Faze o que convier ao teu bom gosto:
Que o tempo passará, verás meu rosto,
Mas nem querendo vais lembrar de mim.

12.3.02

Lição

Das pessoas, aprendi que um dia vão-se;
Todos os dias, milhares de adeuses não são ditos,
Todos as horas são tarde demais,
As portas batem sem aviso, os dias não mais voltam,
Somem segredos, esquecem-se carinhos em gavetas,
Recordações de ouro se perdem nos caixões de madeira.
Telefones ocupados, secretárias eletrônicas,
Cartas sem destino, por-enquantos sem presente,
Desaparecemos na rotina dos ônibus e dos sinais de trânsito.

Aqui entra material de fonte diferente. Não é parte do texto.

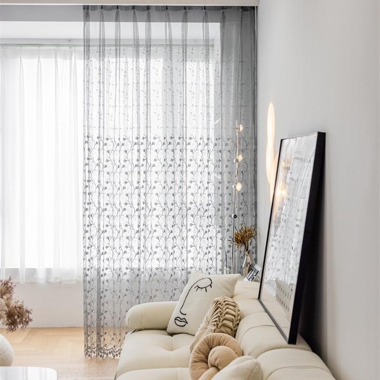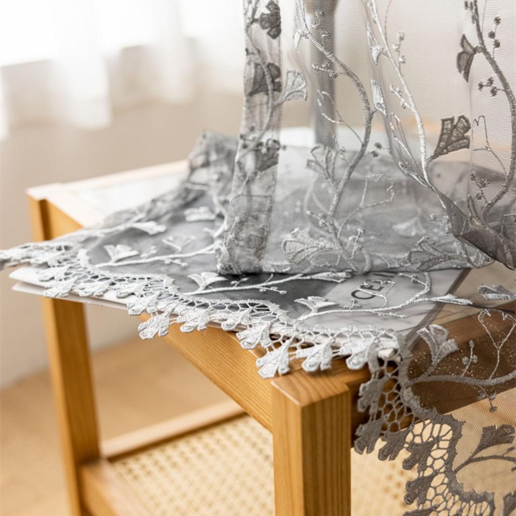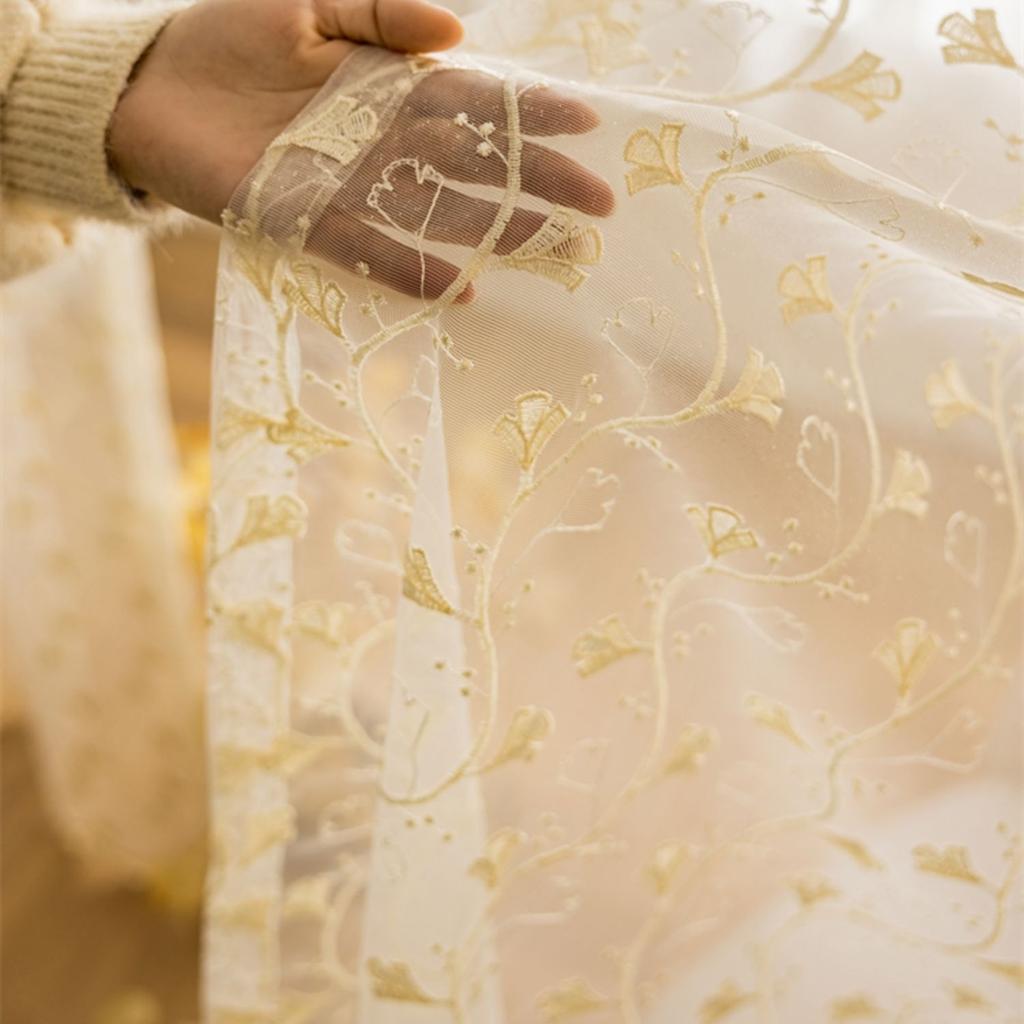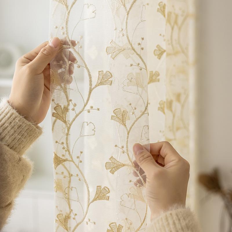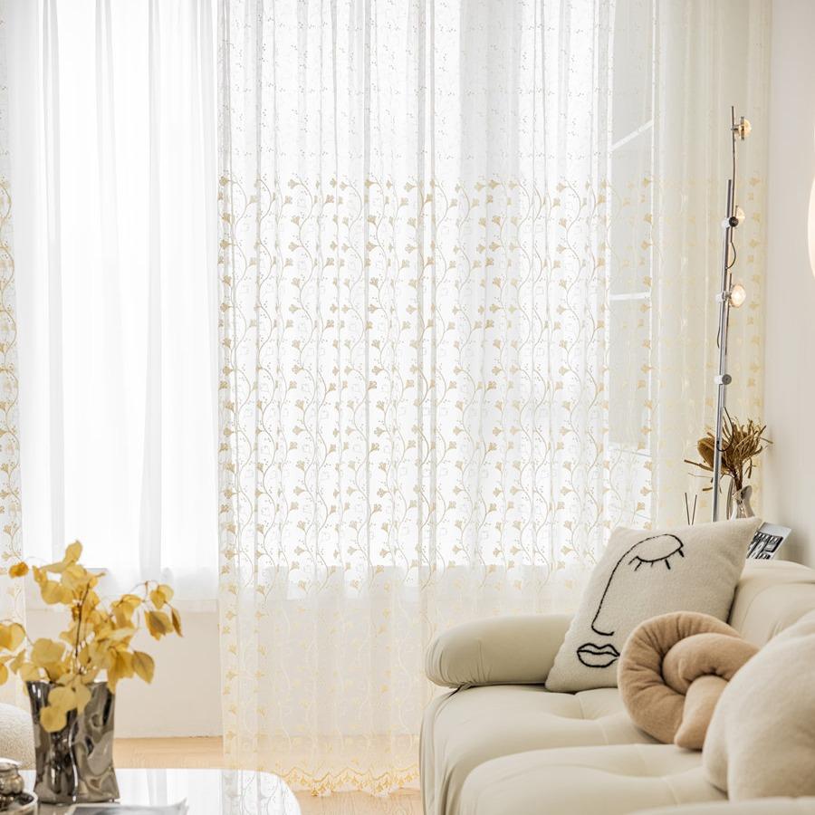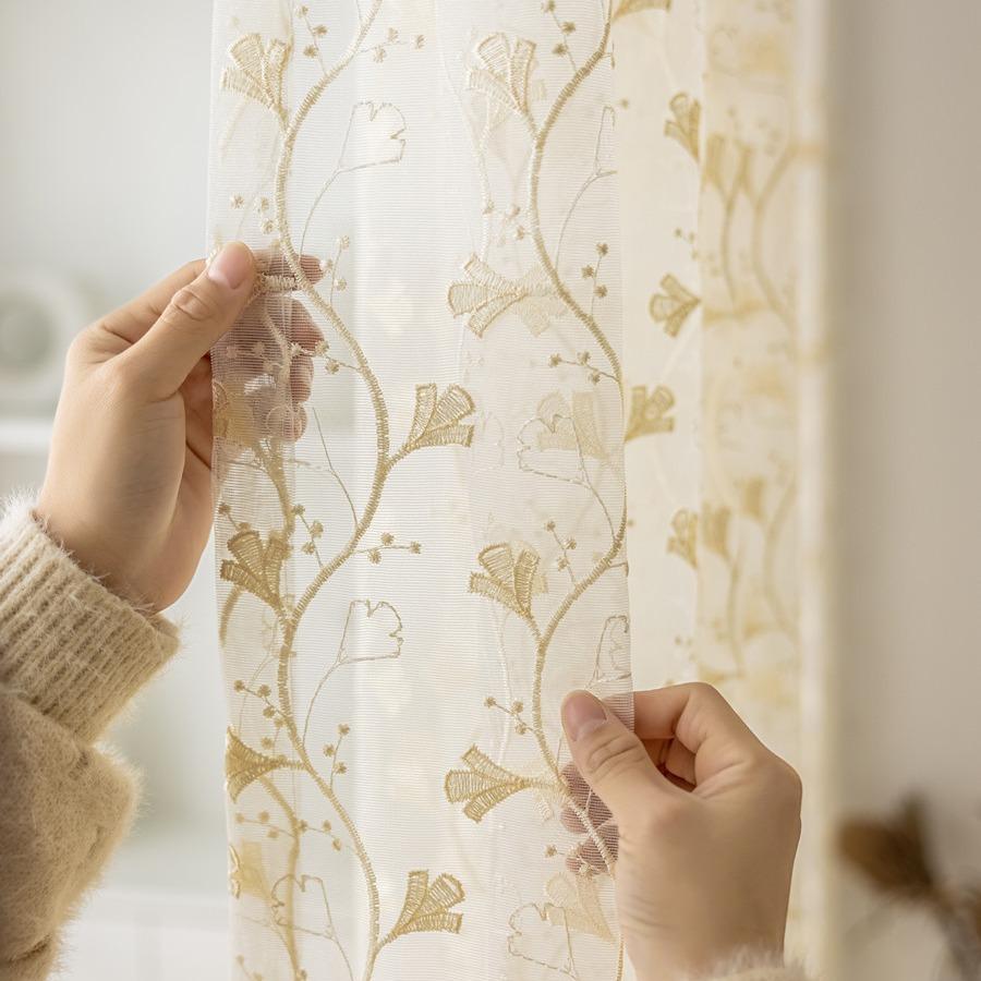 1 шт. жаккардовая вышитая кружевная занавеска с карманом для штанги с рисунком листьев гинкго, подходит для гостиной и спальни - прозрачные и светопропускающие занавески

Por onde ando? De quem já desapareci?
Abandonei-te, sei, mas me buscaste? Ou deixaste simplesmente
Que eu me permitisse prescindir da tua despedida?
Ai, amor, eu queria tanto ser eterno,
Mas não sei se agüentaria ser sempre abandonado...
Porque dos outros, eu sei que um dia vão-se,
Sem querer, sem pedir, sem saber.
Não é da nossa vocação o estarmos juntos,
Não temos o talento pro convívio...
Fracassamos, e ninguém mais nos acha.

A perfeição de Deus está na Sua permanência,
Onde quer que Ele de nós se ausente.
Dos outros, eu só sei que hão de ir embora.
De ti, só sei que já te foste
Daquele, que abandono aqui.

9.3.02

Algo em meus olhos que perdi nos teus

Algo em meus olhos que perdi nos teus
Existe, e que não quero ter de volta.
Desejo apenas vê-lo em tua face,
Dia após dia,
Pois, se o haver perdido fez-me assim,
Com algo de cegueira, sem razão em mim,
O que enxergo de meu quando me encantas
Já me permite ver tudo que quero.

Algo em meus olhos que perdi nos teus
Existe, e te faz linda como apenas eu posso apreciar,
Por conta do que podes ver
Somente em mim.

22.2.02

A tempestade e eu

As ruas feitas córregos e rios,
As roupas ensopadas, os bueiros
Entupidos. Escutam-se os primeiros
Trovões, quedas de postes, assovios;

Sob as nuvens de cinza e os céus sombrios
Sirenes, ambulâncias e bombeiros,
Os gritos aos que fogem, corredeiros,
Rumores de tragédias, arrepios,

O desabrigo enchente após enchente...

(Tu tens pensado em mim ultimamente?
Ando com tantos sóis no meu olhar...)

... até que o cinza some, fuzilado
Por raios dum alívio esperançado,
A bonança que exige retornar.

17.2.02

Diálise da Alma

Minha alma pesa como um caixão de amores
Cujas alças não quiseste carregar.
São cefaléias, depressões e dores, esperanças malogradas,
Desenganos que me foram trazidos pelo otimismo
Dos que nunca souberam se entregar.

Doente, sobre a maca de um corpo que não a deixa repousar.
Ela pesa sobre mim, e lhe restam poucos movimentos.
Sofre, como se lhe restassem poucos dias.
Recusa o apetite do sexo, recusa mais um confortável travesseiro, e conformada,
Não pretende perturbar-me exigindo-me cuidados.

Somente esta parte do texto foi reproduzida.